Send back the line that contains "4月11日,市民在上海中山東" and all lines following it through the end of the data below, exactly, omitting pictures.

━━ PROVIDED ENTRIES

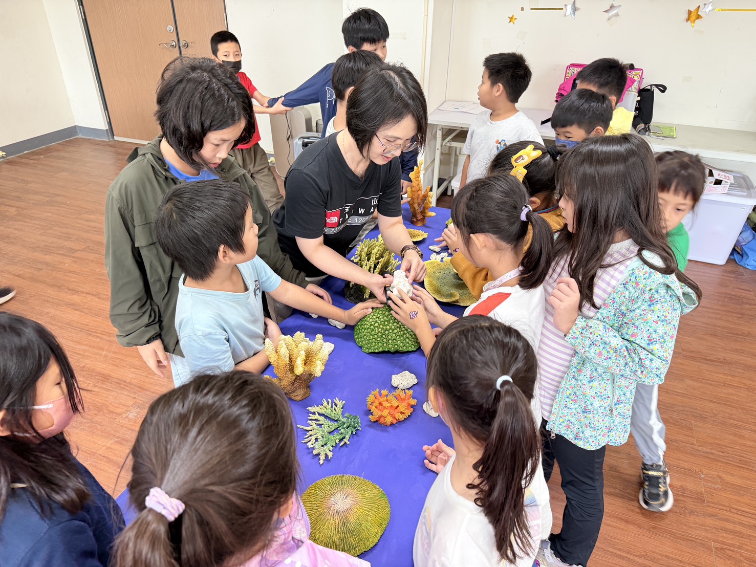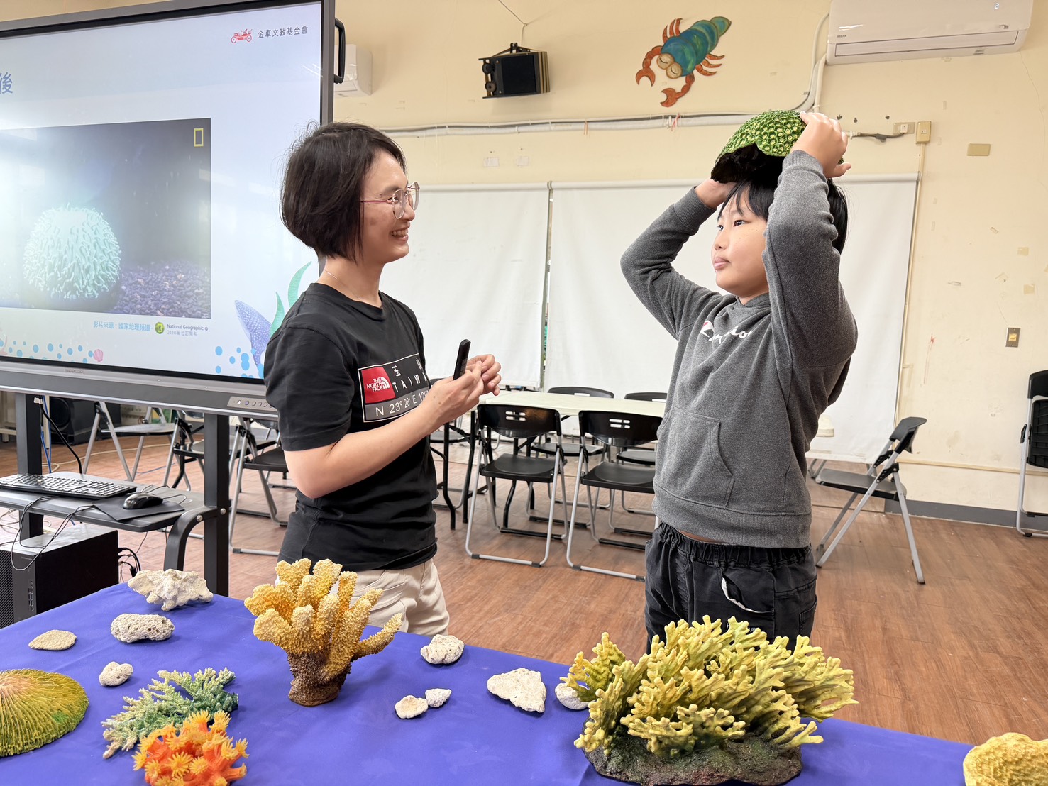 其中,11月18日於七股區光復生態實驗小學舉辦的講座更是亮點十足。講座以「珊瑚保育與氣候變遷」為核心,從珊瑚的生物特性談起,引導學生認識其作為海洋「育嬰房」的重要性。並與國立海洋生物博物館合作,帶來十款擬真珊瑚模型,讓學生近距離觀察不同形態的珊瑚,包括團塊狀、表覆型與葉片型等,顛覆過往僅以鹿角狀為主的既定印象,也透過近距離觀察與觸摸,提供學生豐富且具啟發性的感官學習經驗,學童也更能感受七股濕地與海洋環境緊密相連的生命鏈結。課堂中,學童踴躍提問、積極參與,展現對海洋議題的高度興趣。
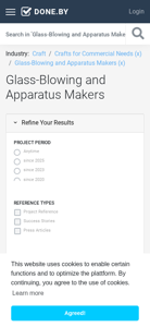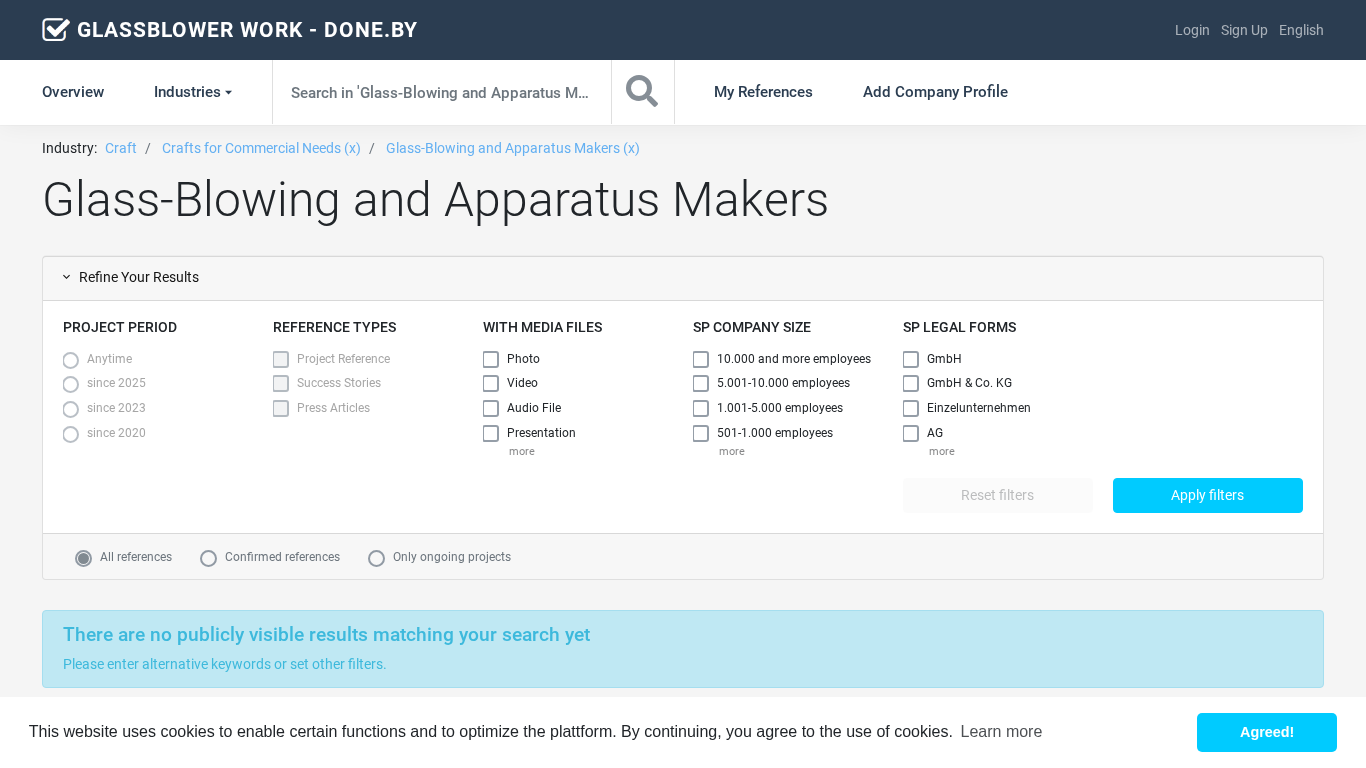 | AI-анализ | URL: <https://glass-blowing-work.done.by/> This website is a platform for Glass-Blowing and Apparatus Makers to showcase their project references. Companies within this industry can create profiles and add their completed projects, which are then made available for viewing on the site. The website includes various filters to help users narrow down their search, such as project period, reference types, company size, and legal forms. The platform also offers a dashboard and search results page for easy navigation. Additionally, users can create watchlists and communicate with each other. The website is available in English and German, and users can switch between the two languages. The domain for this website is <https://glass-blowing-work.done.by/>. |
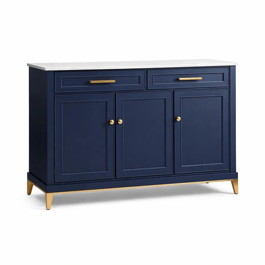Questa credenza è composta da una struttura in MDF con finitura blu, un piano in marmo bianco e gambe in metallo dorato.
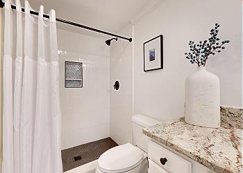 Completing the downstairs areas is a guest bedroom and guest bathroom (bathroom shares for guests). This guest bedroom has two twin beds and plenty of closet space. The guest bathroom is nicely updated and boasts a custom-tiled walk-in shower and accompanying granite-topped vanity.
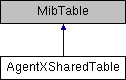 The AgentXSharedTable class is derived from MibTable and represents a shared table between AgentX subagents.
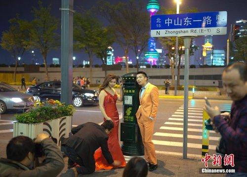 4月11日,市民在上海中山東一路“鹿晗合影郵筒”旁拍婚紗照。4月8日,明星鹿晗在微博上發(fā)布一張?jiān)谥猩綎|一路與郵筒合影的照片。這只郵筒隨之成為網(wǎng)紅,大量鹿晗粉絲前來與之合影,人數(shù)多的時(shí)候,粉絲們還排起了長隊(duì)。
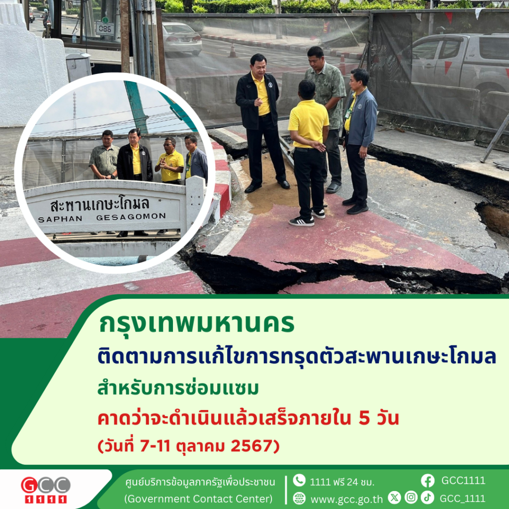 กรุงเทพมหานคร ติดตามการแก้ไขการทรุดตัวสะพานเกษะโกมล
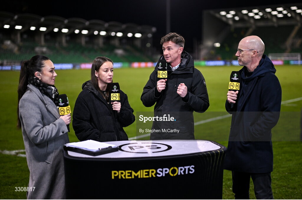 11 December 2025; Premier Sports presenter Aisling O’Reilly, left, with pundits, from left, Pearl Slattery, Ronan Finn and Kenny Cunningham during the UEFA Conference League 2025/26 league phase match between Shelbourne and Crystal Palace at Tallaght Stadium in Dublin. Photo by Stephen McCarthy/Sportsfile
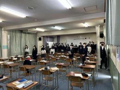 廊下に響き渡るきれいな歌声に誘われて音楽室に向かうと、卒業式に向けて歌の練習をしていました。
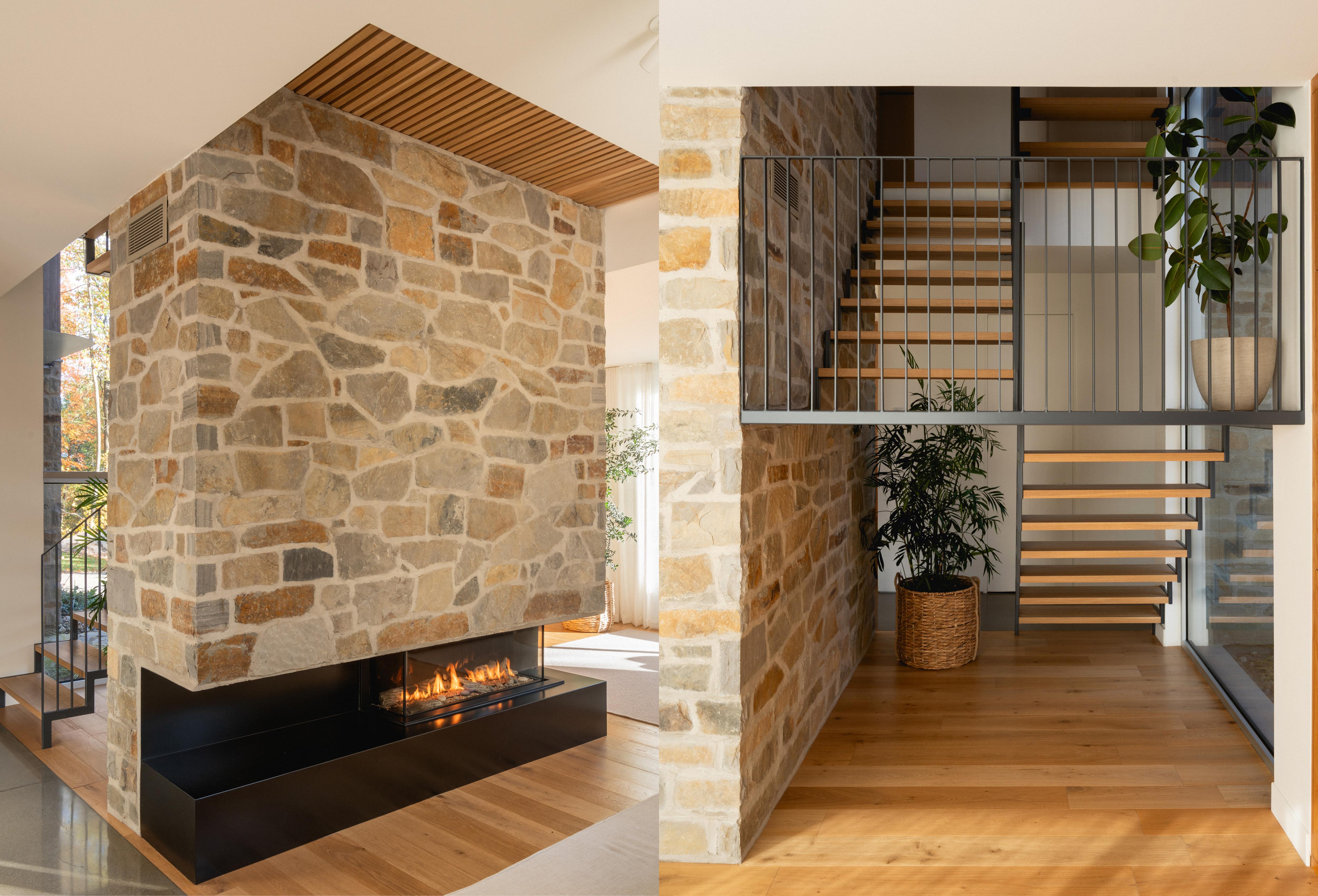 La pierre du revêtement extérieur est également présente sur le foyer renforçant le lien intérieur-extérieur.

━━━━

- SOLUTION TO THE PROBLEM -
 4月11日,市民在上海中山東一路“鹿晗合影郵筒”旁拍婚紗照。4月8日,明星鹿晗在微博上發(fā)布一張?jiān)谥猩綎|一路與郵筒合影的照片。這只郵筒隨之成為網(wǎng)紅,大量鹿晗粉絲前來與之合影,人數(shù)多的時(shí)候,粉絲們還排起了長隊(duì)。
 กรุงเทพมหานคร ติดตามการแก้ไขการทรุดตัวสะพานเกษะโกมล
 11 December 2025; Premier Sports presenter Aisling O’Reilly, left, with pundits, from left, Pearl Slattery, Ronan Finn and Kenny Cunningham during the UEFA Conference League 2025/26 league phase match between Shelbourne and Crystal Palace at Tallaght Stadium in Dublin. Photo by Stephen McCarthy/Sportsfile
 廊下に響き渡るきれいな歌声に誘われて音楽室に向かうと、卒業式に向けて歌の練習をしていました。
 La pierre du revêtement extérieur est également présente sur le foyer renforçant le lien intérieur-extérieur.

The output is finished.